Tok (2007) tarafından yapılan araştırmada, ilköğretim müfettişlerinin iş doyumu ve örgütsel bağlılık düzeyleri incelenmiştir. Araştırmada, ilköğretim müfettişlerinin iş

doyumu ve örgütsel bağlılık tutumları incelenerek, bu iki tutumun nedenlerine ve

sonuçlarına ışık tutmak ve insan kaynakları yönetimi ve gelişimine katkıda bulunmak amaçlanmıştır. Araştırmanın sonucunda, müfettişlerin işlerinden sağladıkları doyum düzeylerine genel olarak bakıldığında, katılımcıların “iş ve niteliği” ve “örgütsel ortam” etkenlerinden “orta” düzeyde; “ödentiler”, “gelişme ve yükselme olanakları” ve “yönetim ve değerlendirme” etkenlerinden “çok az” düzeyde doyum sağladıkları saptanmıştır. Katılımcıların en fazla doyum sağladığı etkenin “iş ve niteliği” etkeninin olduğu, en az doyum sağladığı etkenlerin ise, öncelikle “ödentiler” daha sonra “gelişme ve yükselme olanakları” olduğu; örgütsel bağlılık faktörlerinden “devam bağlılığı” faktörüne “biraz”; “duygusal bağlılık” faktörüne ise “büyük” ölçüde katıldıkları görülmektedir (s.5).

Kurşunoğlu, Bakay ve Tanrıöğen (2010) tarafından yapılan “ilköğretim kurumlarında görev yapan öğretmenlerin örgütsel bağlılık düzeyini belirlemeyi” amaçlayan çalışma 2009-2010 öğretim yılı güz döneminde İzmir il merkezindeki ilköğretim kurumlarında görev yapan 353 öğretmen ile gerçekleştirilmiştir. Veriler, Meyer, Allen ve Smith (1993) tarafından geliştirilen “Üç Boyutlu Örgütsel Bağlılık Ölçeği” aracılığı ile toplanmıştır. Araştırmada, öğretmenlerin en fazla gösterdikleri bağlılık boyutunun duygusal bağlılık olduğu, erkek öğretmenlerin normatif bağlılıklarının kadın öğretmenlerden yüksek olduğu, öğretmenlerin bağlılık düzeylerinin kıdem ve sendika

üyeliğine göre değişmediği, evli öğretmenlerin bekâr öğretmenlere göre normatif bağlılıklarının daha yüksek çıktığı, sınıf öğretmenlerinin alan öğretmenlerine göre bağlılıklarının daha yüksek çıktığı bulgularına ulaşılmıştır (s. 110).
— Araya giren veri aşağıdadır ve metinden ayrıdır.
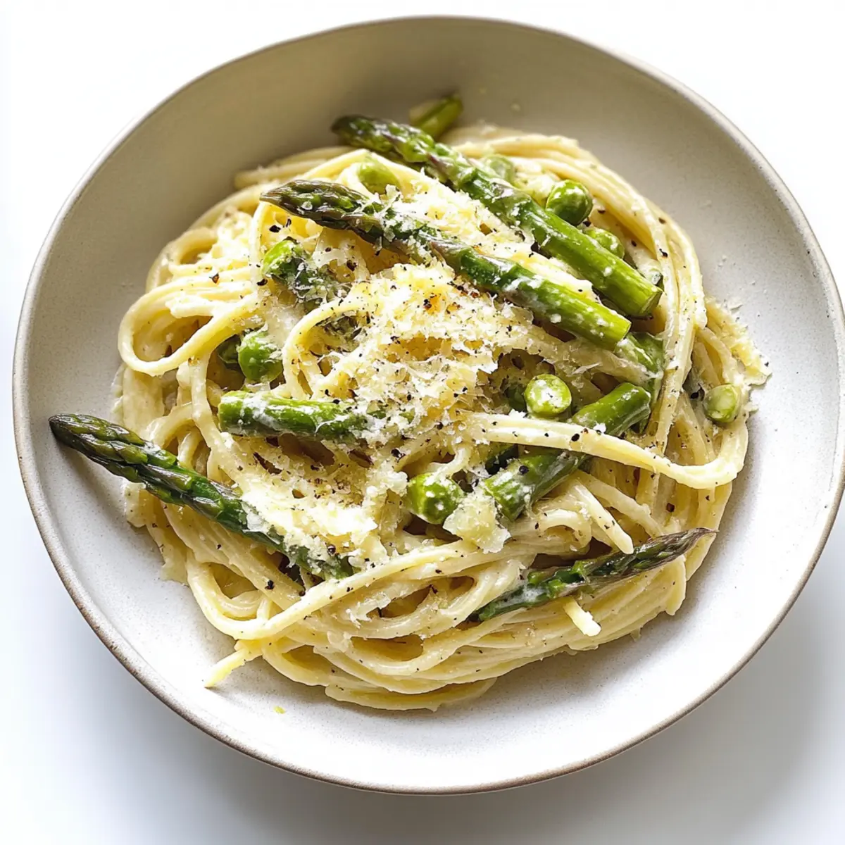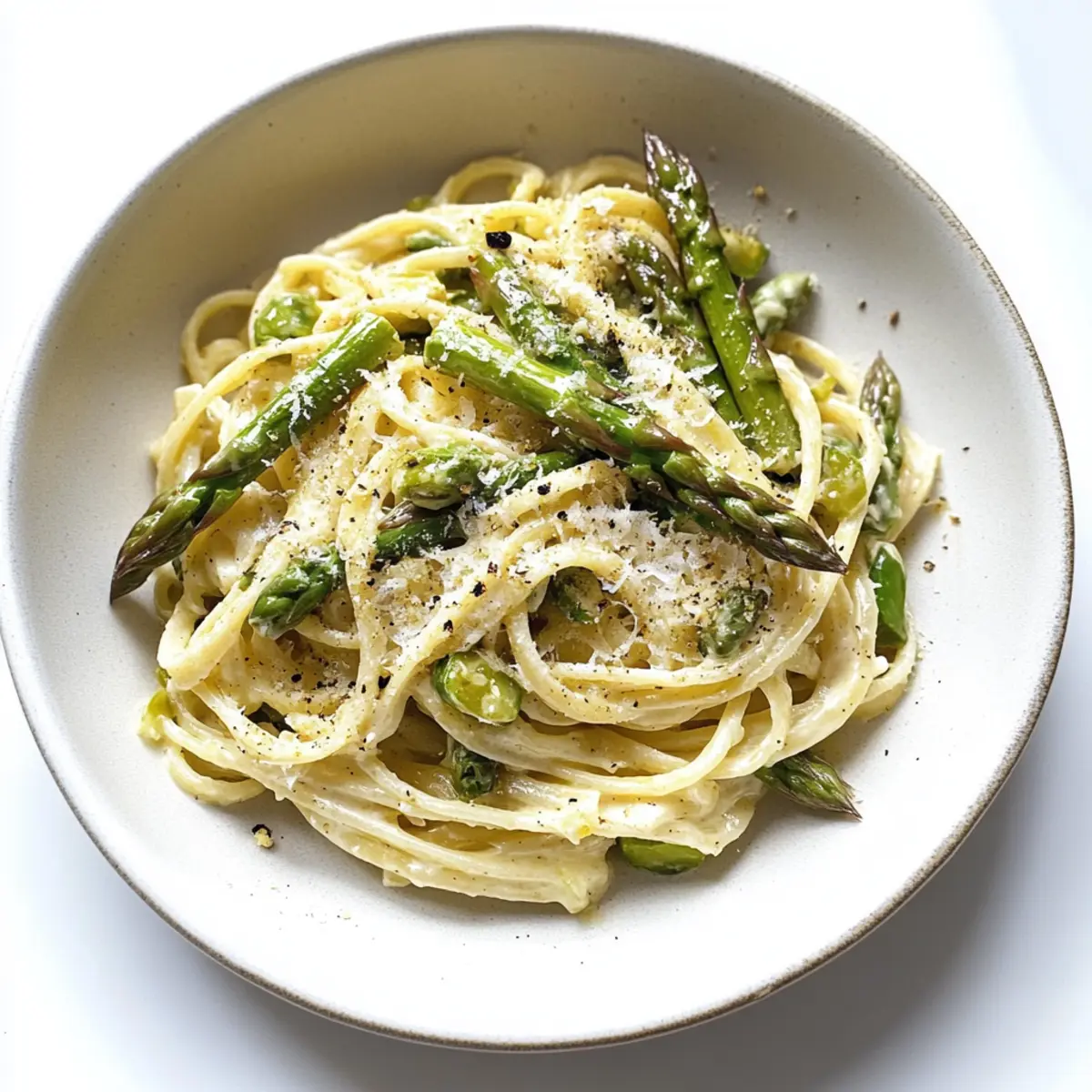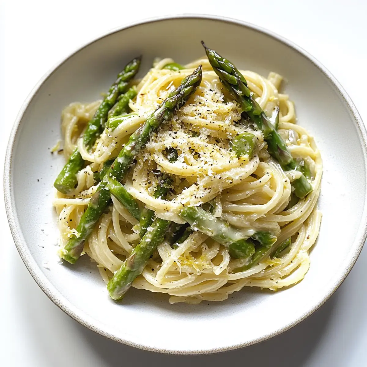 Plate your creamy asparagus pasta with care, topping each serving with the remaining asparagus and additional lemon zest. Finish with a sprinkle of grated Parmesan and a few cracks of black pepper for an inviting presentation that captures the essence of this quick, zesty meal.

Çubukçu ve Tarakçıoğlu (2010) tarafından yapılan araştırmada örgütsel güven ve örgütsel bağlılık ilişkisinin otelcilik ve turizm meslek lisesi öğretmenleri üzerinde incelenmesi amaçlanmıştır. Araştırmaya Türkiye genelinden 332 Otelcilik ve Turizm Meslek Lisesi öğretmeni katılmıştır. Veriler araştırmacılar tarafından geliştirilen ölçek yardımıyla toplanmıştır. Örgütsel güvenin duygusal bağlılık ve normatif bağlılığa önemli bir etkisinin olduğu ortaya çıkmıştır (s.57-78)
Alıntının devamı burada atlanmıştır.